Two candidates can draw the same boxes. One gets the offer. The difference is almost never the tools. It's the order and the honesty of the reasoning. Strong signals, in roughly the order they earn points:

  • You clarify before you draw. You ask "how fresh, how correct, how big, what's the budget" before naming a single technology. Drawing Kafka in the first thirty seconds is a tell that you're pattern-matching, not designing.
  • You name a delivery guarantee out loud. At-least-once with idempotent writes? Exactly-once with checkpointing? Saying which, and why, signals you've run this in production.
  • You talk about failure modes unprompted. Backpressure, schema drift, data skew, a poison record, a replay. Mid-level candidates design the happy path. Senior candidates design the 3am path.
  • You put a number on it. Even a rough one. "About 50 GB a day raw, call it 10 in Parquet, so streaming the reconciliation is affordable here." Estimation turns hand-waving into engineering.
  • You state the tradeoff you're accepting. Every choice costs something. Saying "I'm taking eventual consistency here, and reconciling in a nightly batch" is worth more than any diagram.
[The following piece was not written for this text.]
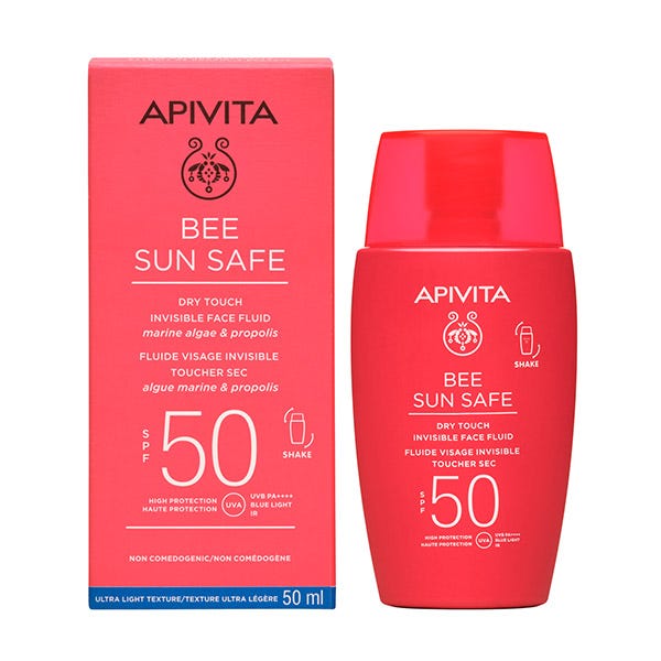 Protector solar fluido y ligero para el rostro con acabado empolvado.

Notice what's missing: nobody is grading whether you memorized the internals of a specific engine. They're grading whether you reason like someone who's been on call.

How to use this section

The next three lessons give you the toolkit:

  • The Design Framework is the repeatable spine you walk through in every round, so you never freeze on "where do I start".
  • Back-of-the-Envelope for Data is how you put that number on it without a calculator.
  • The Building Blocks is the vocabulary: the dozen primitives you compose into any data system, and what each one costs you.

After that, every problem page is one of these rounds, worked end to end. Most follow our running company PhoenixWorld; a few are set at a real-world system like Uber, Netflix, or Stripe, where the problem is best known by that name. By the time you reach the capstone, you'll have designed an entire data platform one subsystem at a time.

iNote

Heads up on style: across this section, "correct" almost always beats "fast". When a tradeoff is genuinely close, we'll say so. When it isn't, we'll tell you which way to lean and why.